Usually takes no longer than ten,

And when the cock crows

And the sunshine hits the holes

Up goes the usual order of men--

But it wouldn’t be in completion

Without the young ones,

Barely four to eight in age;

So they rise with the tin can’s song

As the whole neighbourhood awakes.

And they feast on the nectar of nothing,

And they run outside the door,

And they greet all the other soldiers

Who slept soundly on the floors;

Jeremiah, John, Angel and Michelle;

In broken groups, impossible to tell

Who the rest are, casting shadows amongst the dirt

But better that, than fragile bones upon the Earth.

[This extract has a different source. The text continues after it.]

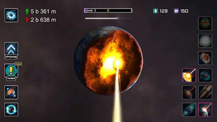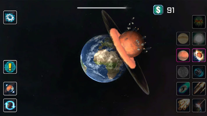 L'arsenal à votre disposition est d'une variété sidérante. Fixez des bombes à retardement sur la surface, puis observez l'onde de choc dévastatrice qui s'ensuit. Déchaînez un déluge de roquettes et de missiles guidés, traçant des sillons lumineux avant des impacts cataclysmiques. Maîtrisez des lasers surpuissants, capables de percer la croûte planétaire jusqu'à son noyau incandescent. Mais la véritable grandeur réside dans les chocs cosmiques : lancez une planète entière comme Mars ou Vénus dans une collision frontale avec un autre corps céleste, assistant en direct à des événements d'une échelle inimaginable, retranscrits avec des effets visuels et sonores d'un réalisme saisissant. Après chaque cataclysme, admirez la formation d'une ceinture d'astéroïdes fidèle aux lois de la physique, témoin silencieux de votre œuvre.

Because it happens every day, starvation

And it doesn’t stop overnight.

And as poverty had long swept the nation

How else would the little ones fight?

So they carry on, mud beating against their feet

Til’ they arrive at the mountains large

With eager hands to dig.

And John says to Angel,

Before their scavenge began,

That his claws are his salvation,

Tearing through the land.

“No, not the land”, Angel says to he,

“But stars of islands

Of what a vision used to be."

So they talk no more

And hush is heard on the hills,

As the orange bakes their backs into brown

And the oxygen shared runs still.

For it was there and then,

That Angel unearthed a tarnished spring,

And another struck a metal volt.

And it was there and then,

That two children celebrated their pile of gold.

And the rest are stooped low,

The remaining waist deep;

Within the fortress of treasures

Which the Kings and Queens no longer keep.